[Start of section]

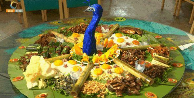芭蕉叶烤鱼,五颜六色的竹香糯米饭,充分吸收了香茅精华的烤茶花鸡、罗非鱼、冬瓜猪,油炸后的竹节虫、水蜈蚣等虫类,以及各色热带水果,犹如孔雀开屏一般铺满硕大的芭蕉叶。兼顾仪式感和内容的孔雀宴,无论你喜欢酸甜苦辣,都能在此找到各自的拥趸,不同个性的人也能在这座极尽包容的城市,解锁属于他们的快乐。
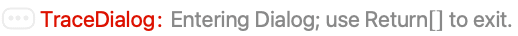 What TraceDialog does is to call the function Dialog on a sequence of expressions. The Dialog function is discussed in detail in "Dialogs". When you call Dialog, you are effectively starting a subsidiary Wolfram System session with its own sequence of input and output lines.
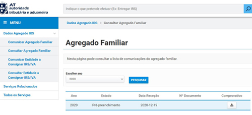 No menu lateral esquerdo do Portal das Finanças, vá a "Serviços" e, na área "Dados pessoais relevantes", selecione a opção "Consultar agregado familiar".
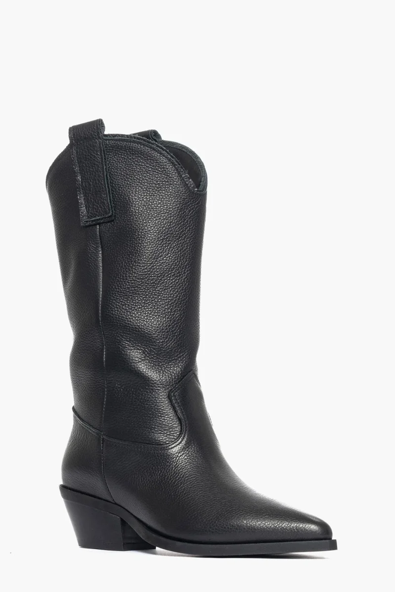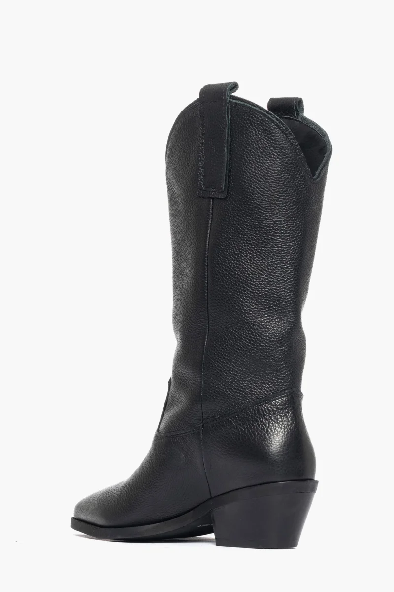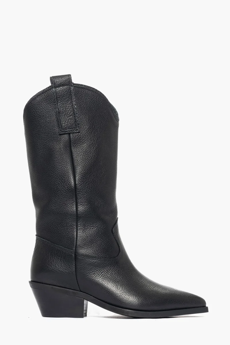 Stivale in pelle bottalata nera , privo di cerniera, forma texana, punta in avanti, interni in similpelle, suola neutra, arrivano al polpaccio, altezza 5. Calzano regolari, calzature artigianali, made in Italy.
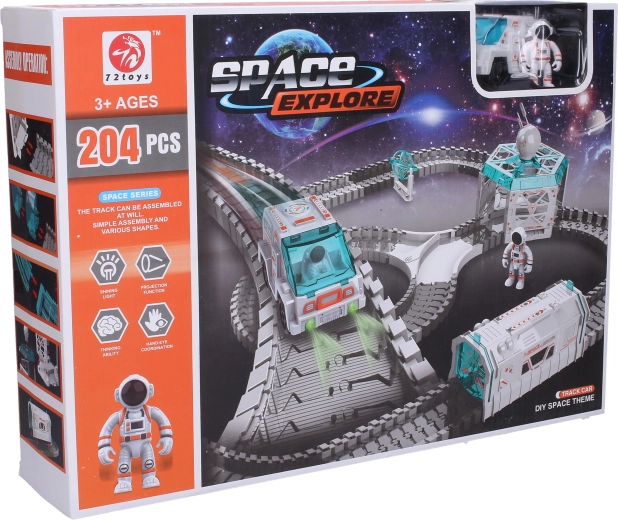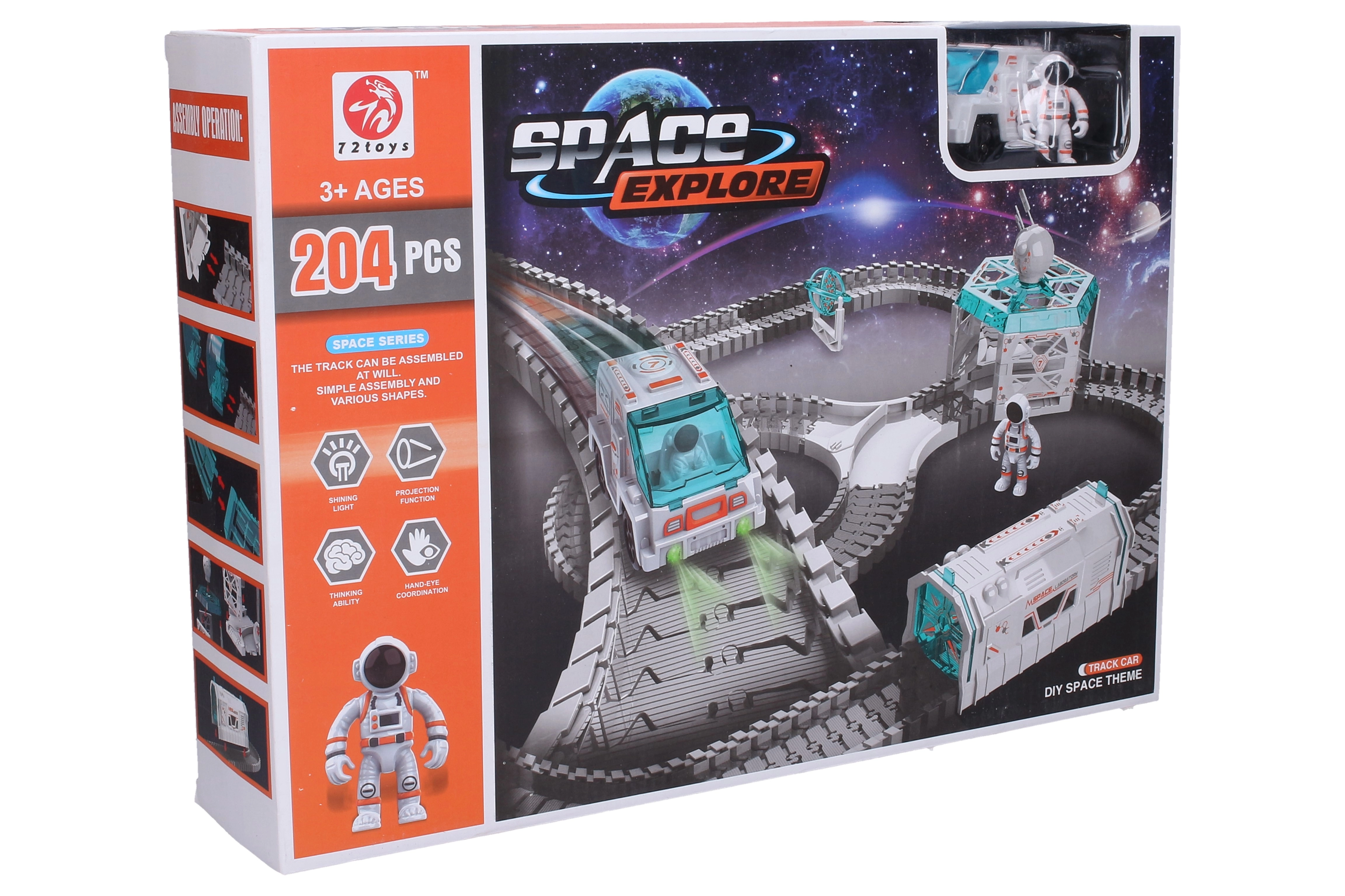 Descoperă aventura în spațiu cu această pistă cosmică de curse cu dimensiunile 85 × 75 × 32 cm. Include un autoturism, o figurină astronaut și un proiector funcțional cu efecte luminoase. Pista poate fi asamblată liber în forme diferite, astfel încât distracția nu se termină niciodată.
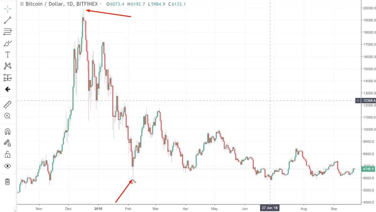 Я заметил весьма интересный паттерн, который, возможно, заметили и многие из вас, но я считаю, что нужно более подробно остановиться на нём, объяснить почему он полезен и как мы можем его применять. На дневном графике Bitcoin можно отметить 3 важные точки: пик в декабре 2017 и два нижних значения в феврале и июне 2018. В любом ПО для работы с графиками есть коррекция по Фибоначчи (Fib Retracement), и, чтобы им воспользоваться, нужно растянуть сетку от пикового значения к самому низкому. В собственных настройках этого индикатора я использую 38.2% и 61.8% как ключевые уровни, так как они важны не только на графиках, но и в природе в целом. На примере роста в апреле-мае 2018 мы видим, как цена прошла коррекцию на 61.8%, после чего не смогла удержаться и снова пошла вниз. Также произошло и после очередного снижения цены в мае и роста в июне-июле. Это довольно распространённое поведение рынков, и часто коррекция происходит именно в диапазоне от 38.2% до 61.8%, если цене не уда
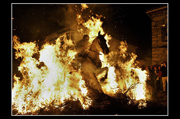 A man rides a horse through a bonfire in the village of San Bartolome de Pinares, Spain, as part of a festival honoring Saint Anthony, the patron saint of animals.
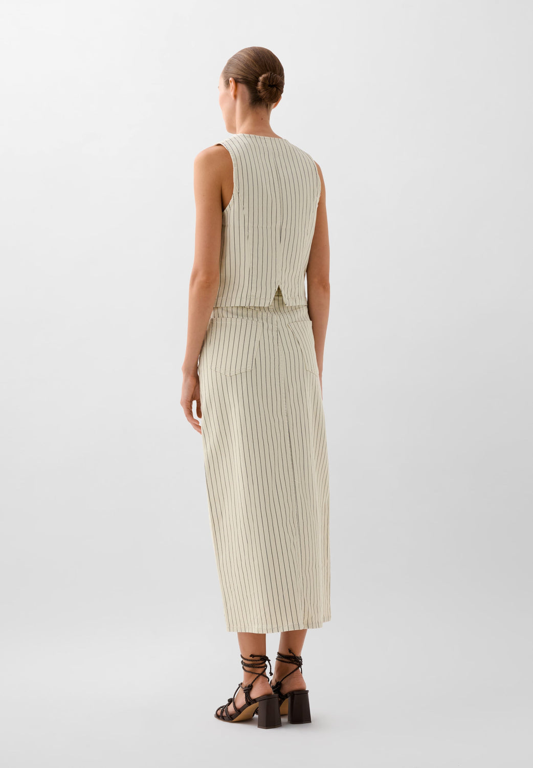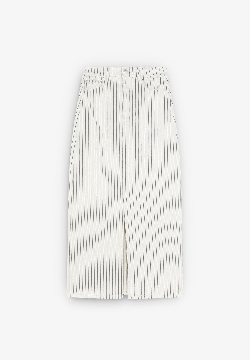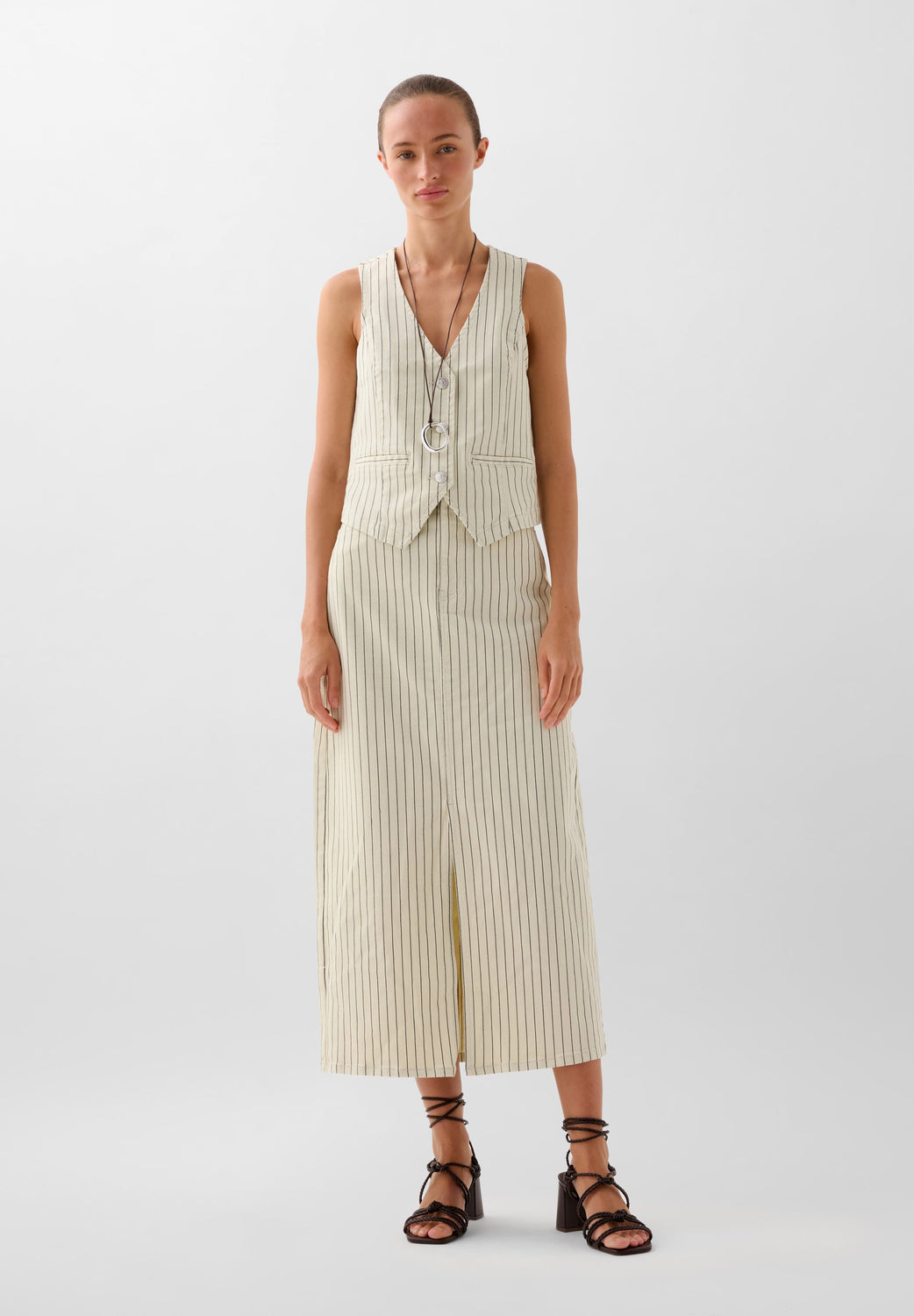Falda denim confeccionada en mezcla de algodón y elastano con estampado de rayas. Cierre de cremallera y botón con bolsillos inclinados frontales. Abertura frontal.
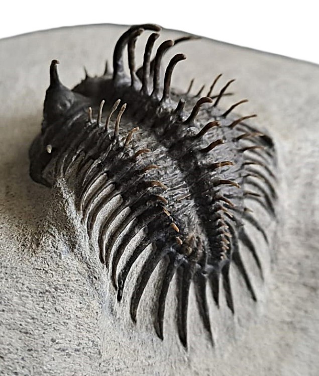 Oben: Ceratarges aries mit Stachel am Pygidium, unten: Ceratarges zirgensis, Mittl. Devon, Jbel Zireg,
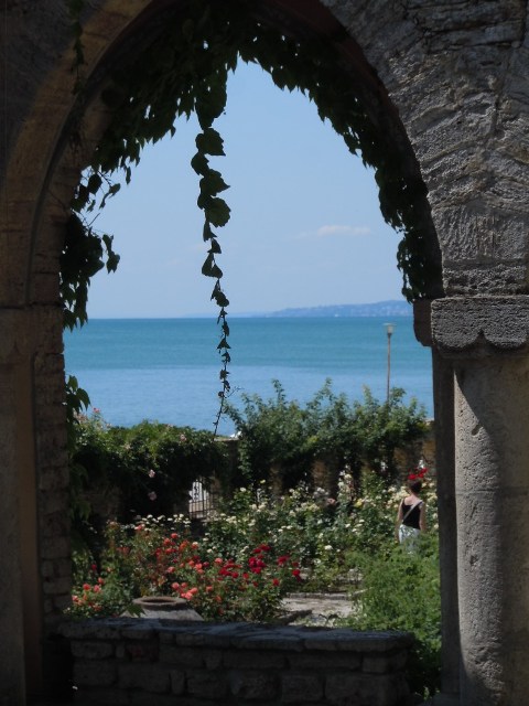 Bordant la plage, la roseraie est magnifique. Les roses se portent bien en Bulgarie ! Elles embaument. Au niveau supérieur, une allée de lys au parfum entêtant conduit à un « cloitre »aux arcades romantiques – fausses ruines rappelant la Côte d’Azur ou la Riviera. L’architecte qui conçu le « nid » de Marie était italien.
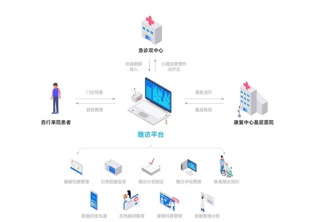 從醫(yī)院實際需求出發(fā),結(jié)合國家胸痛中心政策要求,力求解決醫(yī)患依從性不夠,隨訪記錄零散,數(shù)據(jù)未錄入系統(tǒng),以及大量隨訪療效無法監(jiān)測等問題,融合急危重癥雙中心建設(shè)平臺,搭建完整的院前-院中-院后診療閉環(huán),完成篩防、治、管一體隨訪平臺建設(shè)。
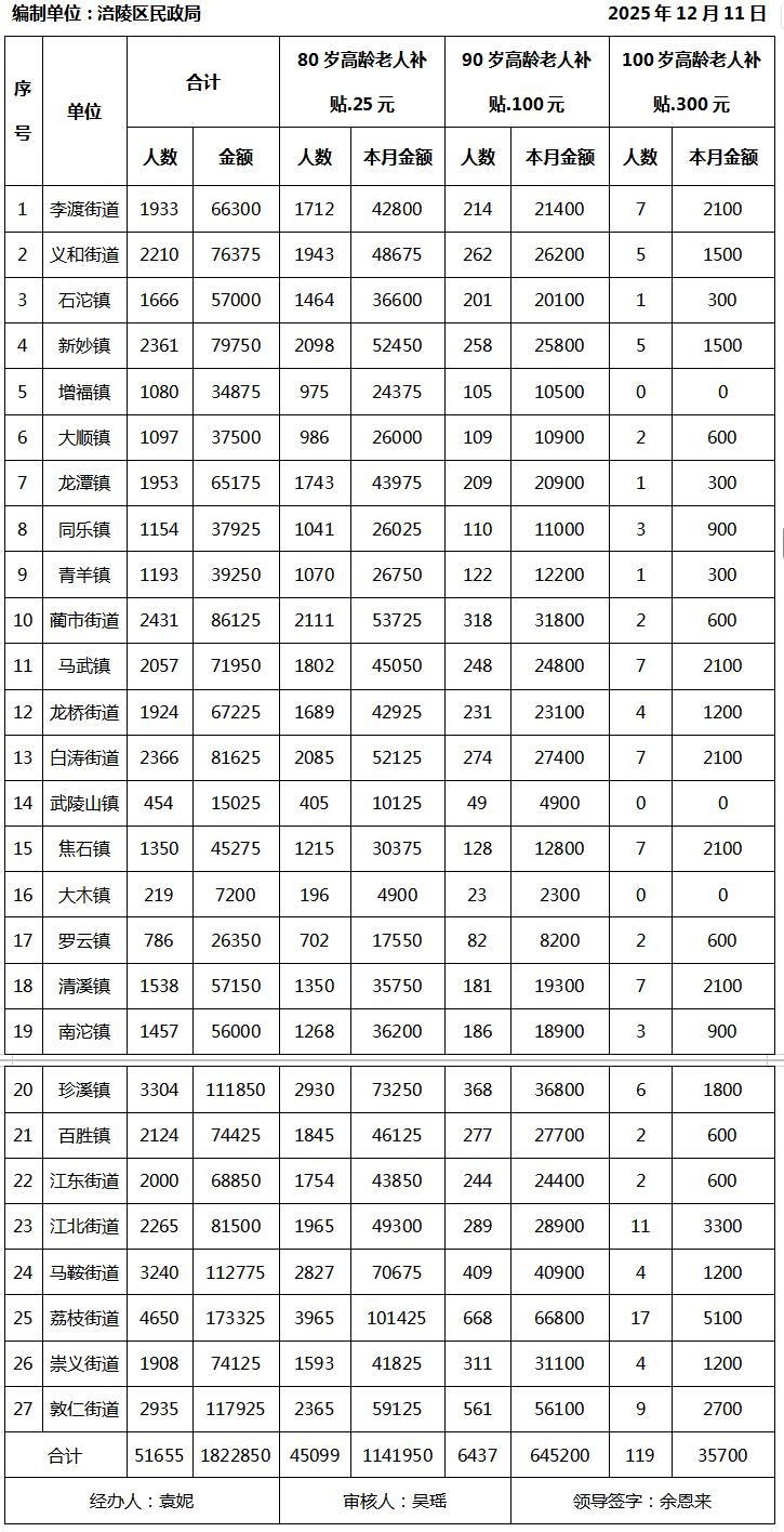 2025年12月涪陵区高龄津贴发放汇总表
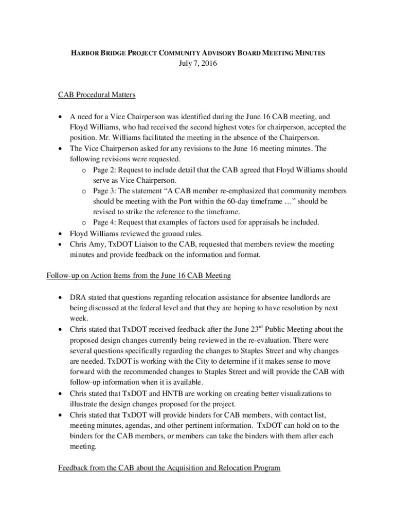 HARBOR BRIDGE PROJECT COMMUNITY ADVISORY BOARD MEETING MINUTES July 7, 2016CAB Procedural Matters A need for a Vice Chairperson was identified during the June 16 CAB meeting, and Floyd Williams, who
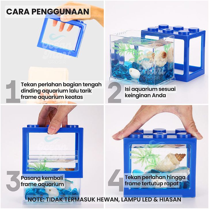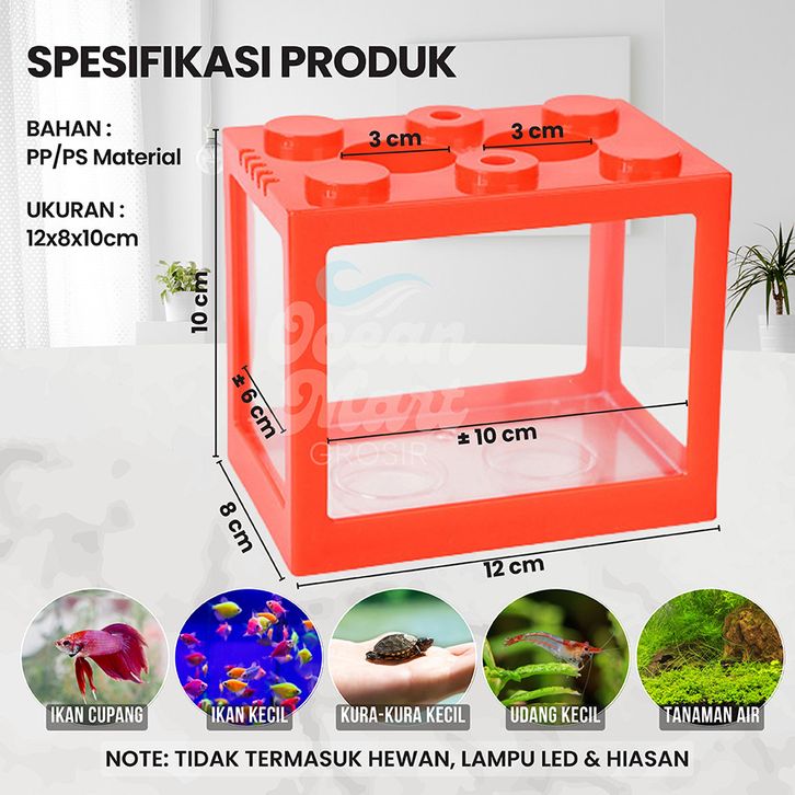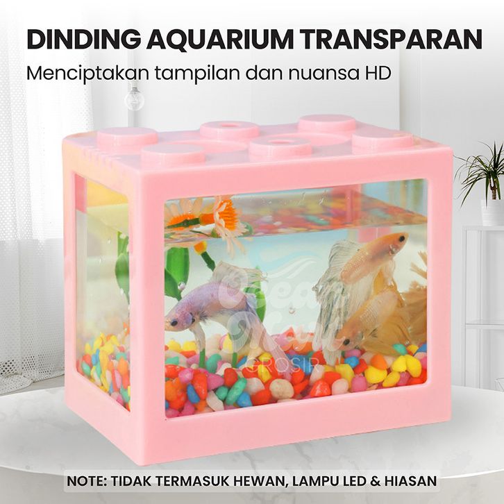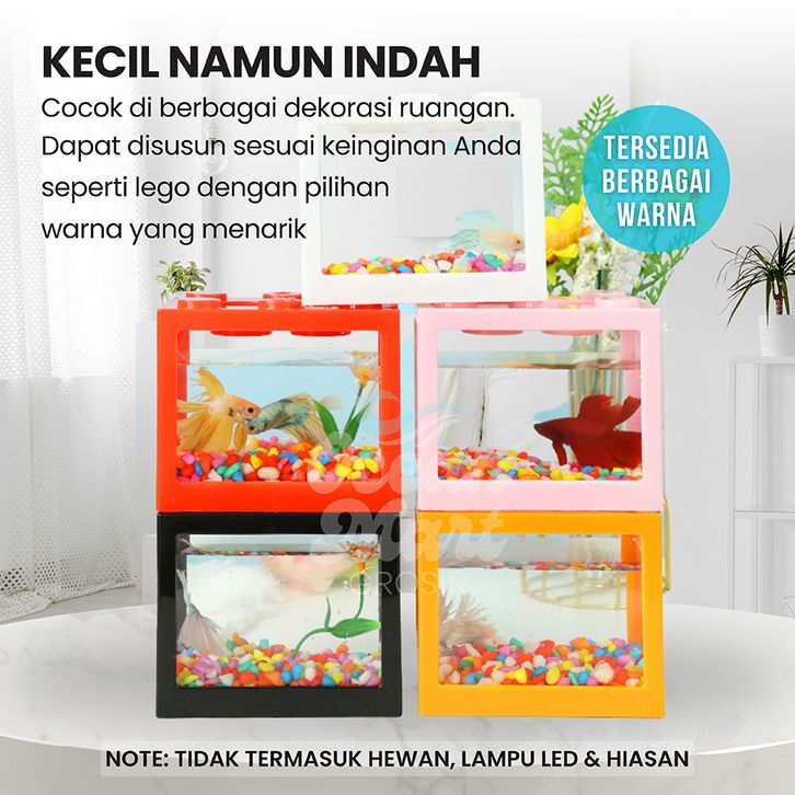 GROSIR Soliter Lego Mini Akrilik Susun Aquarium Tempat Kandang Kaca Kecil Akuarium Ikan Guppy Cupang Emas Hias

[End of section]

ASSIGNED TASK => Reproduce, word for word, only the lines in the records above from the line with "What TraceDialog does" through the line with "Stivale in pelle", including both ends; omit the pictures.

TASK RESULT =>
 What TraceDialog does is to call the function Dialog on a sequence of expressions. The Dialog function is discussed in detail in "Dialogs". When you call Dialog, you are effectively starting a subsidiary Wolfram System session with its own sequence of input and output lines.
 No menu lateral esquerdo do Portal das Finanças, vá a "Serviços" e, na área "Dados pessoais relevantes", selecione a opção "Consultar agregado familiar".
 Stivale in pelle bottalata nera , privo di cerniera, forma texana, punta in avanti, interni in similpelle, suola neutra, arrivano al polpaccio, altezza 5. Calzano regolari, calzature artigianali, made in Italy.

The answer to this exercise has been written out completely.